Tout est dans le titre : Je cherche à savoir sur quelle imprimante Canon on peut désactiver la gestion des couleurs.

Ce sujet a déjà été abordé au début de cette année par moi-même avec la Pixma MP600 et par un autre contributeur avec la 970 (je crois)

Nous avions "découvert" en contactant Canon, que les pilotes Mac de nos imprimantes ne le permettaient pas alors que, perso, sous Windows c'était fonctionnel.

De nouvelles Canon étant apparues mais impossible de trouver cette caractéristique sur le site de Canon, peut-être que quelqu'un parmi vous va pouvoir m'apporter des éléments de réponse 

PS : En recherchant sur le forum j'ai constaté que les anciens posts n'avaient pas un très long délai de rétention .... du moins sur le sous-forum "Imprimante" ou la fin se situe début février 2010 :rose:


----------



## chafpa (5 Avril 2010)

Up


----------



## chafpa (8 Avril 2010)

Up, y'a personne :hein:


----------



## Deleted member 18124 (9 Avril 2010)

Ca sert à quoi exactement la désactivation des couleurs ?


----------



## chafpa (9 Avril 2010)

A utiliser un profil ICC qui a été fait en externe en tenant compte des encres utilisées par  Canon *ET* du papier photo que j'utilise.

Je renseigne ce profil dans les préférences de Lightroom ou de Photoshop Elements mais pour que cela fonctionne, il faut désactiver le gestion des couleurs dans le pilote de l'imprimante.

Cette option est tout à fait disponible pour le pilote Windows (que j'utilisais avant mon switch de décembre )mais n'existe pas dans le pilote Mac :rose: 

Confirmé par Canon France pour moi (MP600) et un autre contributeur (MP970 mais j'en suis pas sûr)


----------



## Deleted member 18124 (10 Avril 2010)

Dans la fenêtre d'impression de ma MP600R, pour la gestion de la couleur j'ai Concordance des couleurs, Impression en niveau de gris (dans Qualité et Support) et Options couleur.

Si ça n'existe pas, en attendant que Canon l'ajoute peut-être un jour, il faut faire autrement pour l'impression des photos.


----------



## chafpa (10 Avril 2010)

Merci, Vénérable Sage.
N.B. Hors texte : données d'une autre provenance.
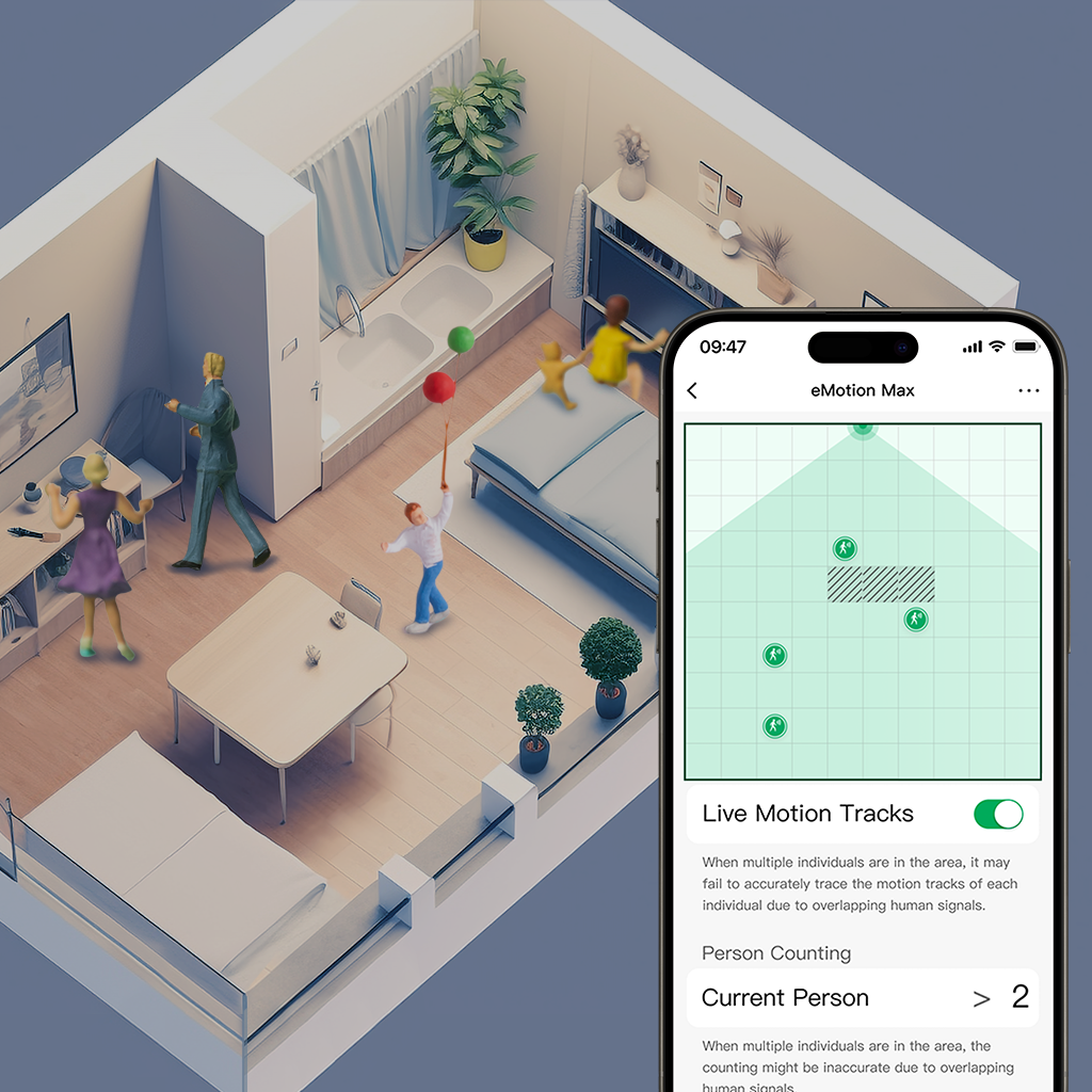 SUPERIOR ANTI-INTERFERENCE ACCURACY - eMotion Max intelligently filters out non-human movement in 3D space. Define interference zones in the app to exclude items like plants, curtains, or pets, and set a filtering height to ignore fan movement or crawling pets—ensuring accurate human presence detection every time. Note: eMotion Max requires a certified 5V/2A power adapter. Please refer to the “Installation Guide” in the app for setup instructions.

Tu viens d'apporter *LA* solution a mon problème 

En effet dans "Concordance des couleurs", j'ai le choix entre "ColorSync" et "Canon concordance des couleurs" qui est coché par défaut.

En cochant "ColorSync", un  choix de "Profil" apparait proposant "Automatique", par défaut, et ...... "*Mon profil ICC*" que j'avais mis dès le départ dans le dossier ad hoc. Il me suffit de sélectionner ce dernier 

Voila une solution qui devrait rendre le sourire aux possesseurs des imprimantes Canon   

PS : Dommage que je ne puisse pas inscrire résolu dans le titre de mon premier post ou alors il y a une astuce que je connais pas car en parcourant le forum, je vois certains topics mentionnés ainsi !

---------- Nouveau message ajouté à 11h17 ---------- Le message précédent a été envoyé à 10h56 ----------

Je viens de trouver comment indiquer "Résolu".

Suis-je bête :rose:


----------